С большим удовольствием мы эту историю рассказали не кому- нибудь, а родственнице этого спаниеля, а именно Светлане Аллилуевой, которая тоже пришла работать в Институт мировой литературы. И попала она в сектор советской литературы, то есть в сектор Синявского.

Начались невероятные неудобства для всех. О чём бы ни говорили, так или иначе выходили на страшные годы, на чьи-нибудь аресты, на что-то такое, что так или иначе должно было задевать Светланиного папеньку. Синявский, которого иногда одолевала мания величия, говорил: «Вы просто не умеете вести разговоры. Я уверен, что у меня никогда никаких напрягов со Светланой не будет». И вот Светлана первый раз в нашем доме. А у нас были две серебряные ложки с именами. Одна называлась ложка «пушкинская», потому что на ней была выгравирована дата «1837-й год», год гибели Пушкина. А другая называлась ложка «лермонтовская», потому что была она 1841-го, года его дуэли. Я говорю как радушная хозяйка: «А Светлане мы дадим «пушкинскую» ложку». Светлана, как и ожидалось, спрашивает: «А почему «пушкинскую»?» И не успела я ей ответить, как Синявский открыл варежку и произнёс: «Потому что эта ложка 37-го года». И воцарилось молчание. Синявский решил исправить ситуацию. Сказал с ударением, с нажимом: 1837-го года. И вот тут-то 1937-й просто встал за его спиной, прямо-таки полная ложка была 37-го года.

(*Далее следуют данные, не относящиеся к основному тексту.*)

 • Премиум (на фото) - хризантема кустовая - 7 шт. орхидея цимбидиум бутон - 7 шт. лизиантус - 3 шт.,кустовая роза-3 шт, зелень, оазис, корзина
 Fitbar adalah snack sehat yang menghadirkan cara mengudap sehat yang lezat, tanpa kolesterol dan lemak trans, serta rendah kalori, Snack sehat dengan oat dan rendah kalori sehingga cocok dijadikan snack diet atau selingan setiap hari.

Несколько месяцев спустя мы отправились ужинать к нашим друзьям Меншутиным. Вдруг звонок в дверь, и входит Светлана Сталина. Я говорю: «Светлана, садитесь с нами, вот мы сейчас будем ужинать». Светлана говорит: «Маша, я не сяду. Я пришла за Андреем». Я говорю: «То есть как за Андреем?» – «Маша, вы увели Андрея у жены, а сегодня я увожу его от вас». Я смотрю на Светлану, ну и шуточки, я говорю Синявскому голосом ласково-иезуитским: «Андрюша, – говорю я, – не кажется ли тебе, что, изучая историю СССР, ты зашёл слишком далеко?» Вот так мы и общались.  

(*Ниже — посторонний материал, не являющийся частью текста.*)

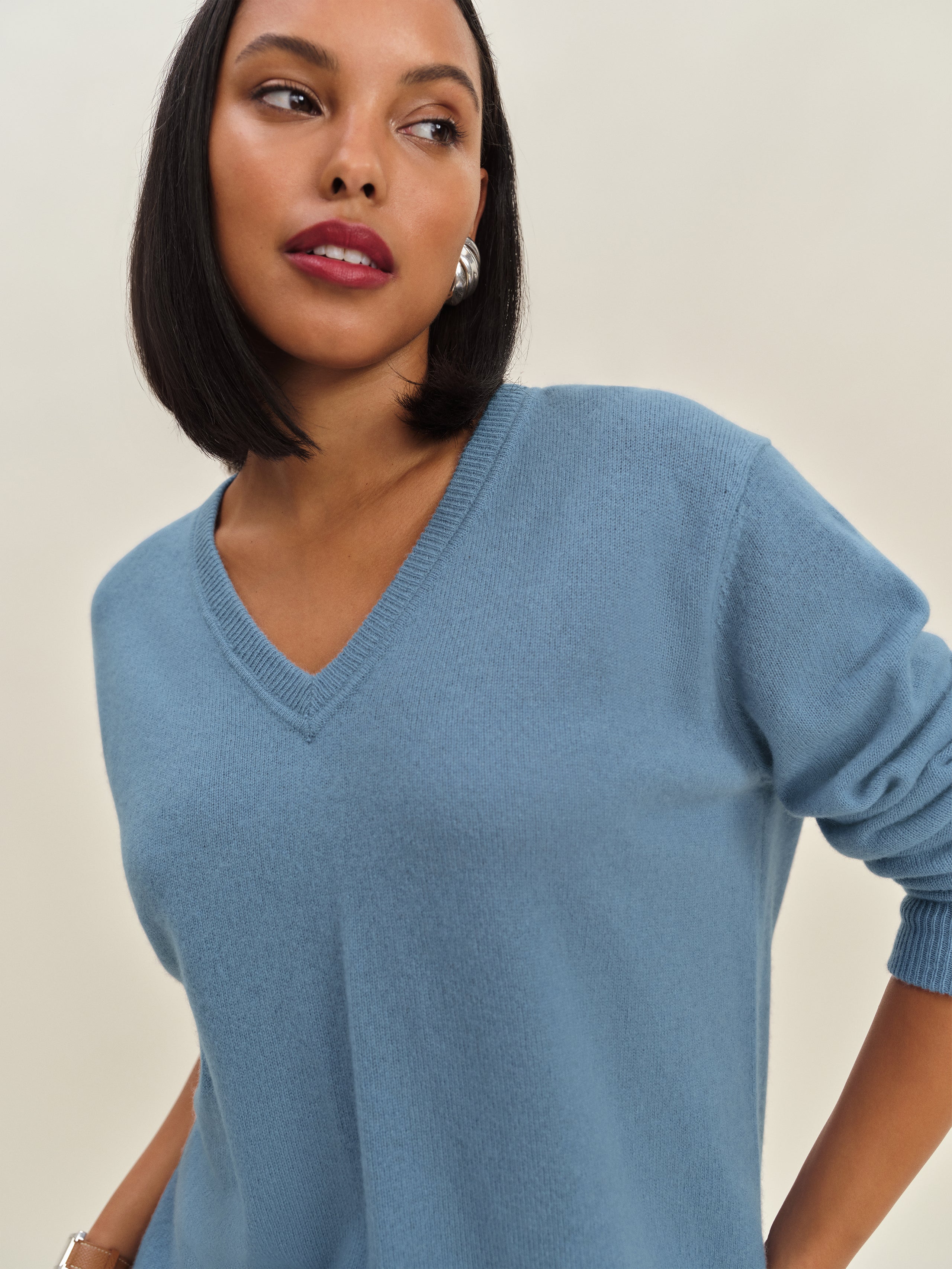 Shop the Remi Cashmere V Neck from Reformation, a relaxed fitting cashmere sweater with a v neckline.

А потом начались наши совершенно фантастические поездки на Север. Когда мы ездили на Север, Север ещё никого не интересовал, все наши знакомые стремились на Юг. Мы были в какой-то мере по Северу первопроходцы. И что привозили с Севера – это очень много фотографий. Когда мы поехали туда с Синявским первый раз, это было чудовищно. Потому что ссорились мы невероятно: у каждого из нас была своя точка зрения, как снимать. И поэтому к следующей поездке мы купили второй фотоаппарат, и с тех пор у каждого из нас на пузе висел свой «Зоркий». Староверы очень по-разному относились к человеку с фотоаппаратом. Однажды одна староверка нас очень хорошо обрезала, после чего мы стали скромнее: «Кто верит, тот в сердце хранит», – сказала она, повернулась и ушла. Вот так, а не трепитесь о дорогих и святых вещах. И не лезьте со своими фотоаппаратами.        

 

КГБ в поисках Терца и Аржака

Осенью 59-го года в Париже вышел «Суд идёт». Так что всё сгустилось.

Но до этого произошло ещё одно очень важное событие.

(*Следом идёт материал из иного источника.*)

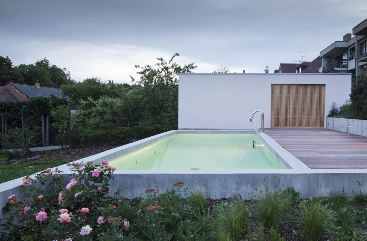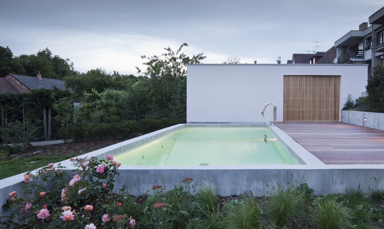 Rodinný dům se zapuštěným bazénem v Benešově se přizpůsobuje svažitému pozemku
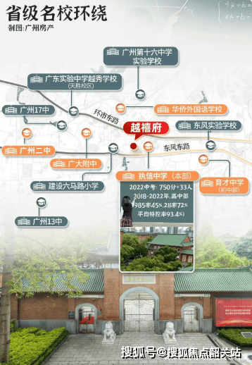 『保隆越禧府』所属华乐街道,参考往年招生范围,项目大概率会被划分至建设六马路小学的招生范围。根据2023年小升初报读指南,项目对口10所中学,其中6所为省级名校,包括执信中学本部(高中重本率99%,600分以上86%)、育才中学、华侨外国语学校、第二中学、广大附中、十六中学等。项目西侧即为执信中学,教育资源十分丰富。

Я много раз пыталась вспомнить, откуда взялся в моей жизни Даниэль. Появившись, Даниэль остался навсегда. Даниэль был действительно потрясающий человек. Редкостной доброты, нрава, обаяния. Через некоторое время он сразил Синявского. И вот в один прекрасный день мы с Синявским решили Даниэлю всё это дело рассказать. Даниэль бросился писать и буквально через полтора месяца принёс не что-нибудь, а повесть «Говорит Москва». Повесть поехала по накатанной дорожке на Запад: Элен работала безупречно и быстро нашла ей издателя. Даниэль придумал себе псевдоним. Он стал Николаем Аржаком. Вот так появилась парочка – Абрам Терц и Николай Аржак. И тот и другой абсолютно точно знали, что расплата за это будет известно какая, что за это дело придётся сесть.

syn.jpg
Синявский с сыном Егором. Начало 60-х годов

В декабре 64-го родился наш сын Егор Андреевич. Синявский был счастлив, иногда казалось, что он вообще от кроватки не отходит. И вот валяется наш Егор Андреевич в кроватке, а мы понимаем, что дело идёт к концу. Когда мне говорят об ужасах тюрьмы, лагеря, наводнения, отвечаю: всё это чепуха. Самый страшный день в моей жизни был тогда, когда мне сказали, что Егорка слепой. Я через это прошла, когда Егору был месяц. Врачиха пощёлкала пальцами направо и налево, а он на неё не смотрел, он смотрел в пространство и никуда больше. И она сказала: «Да он же у вас слепой!»

Страшнее в моей жизни не было ничего. Во всё остальное я могла играть, делать чего хочу и озорничать как угодно. Здесь я не могла сделать ничего.

И вдруг, когда Егорке было месяца четыре, я стою в комнате и причёсываюсь. Чувствую, кто-то на меня смотрит. Вижу, из кроватки торчат глаза и смотрят на меня! Я стала к нему подходить, и он меня потерял, я отошла, мы опять встретились. И вот это вот расстояние между нами стало сокращаться, сокращаться, и, в конце концов, он превратился в обыкновенного ребёночка. И поэтому на фоне слепого Егора ихняя Лубянка – эта такая чепуха и ерунда! Когда Синявского арестовали, Егору было восемь с половиной месяцев. Слава богу, он уже был зрячий.

8 сентября 1965 года была среда, первая после каникул рабочая среда в Школе-студии МХАТ, и Синявский туда отправился на лекцию. Где-то в первом часу раздались три звонка в нашу коммунальную квартиру. Я пошла открывать, стояли там два господина и одна дама, они спросили: Марья ли я Васильевна Синявская? Я сказала: да, да. Когда мы вошли в комнату, они сказали мне, чем меня очень удивили: садитесь, пожалуйста. Это я должна гостю говорить «садитесь, пожалуйста», а не гость меня усаживать! Растерявшись, я села. Они положили передо мной огромную такую папку, и там лежал всего один листочек: ордер на обыск … Я прочла этот текст один раз, прочла второй. Я была готова, но элемент какой-то неожиданности всё равно есть. Я готова в принципе, но вот чтобы прямо сейчас, через пятнадцать минут – нет, это невозможно. И я сказала: «Вы знаете, Андрей Донатович ушёл на лекцию, вот он вернётся, всё-таки его дом, он хозяин…» На что мне ответили: «Марья Васильевна, у вас столько книг, столько книг, вы знаете, это так долго, мы начнём, а Андрей Донатович подойдёт…»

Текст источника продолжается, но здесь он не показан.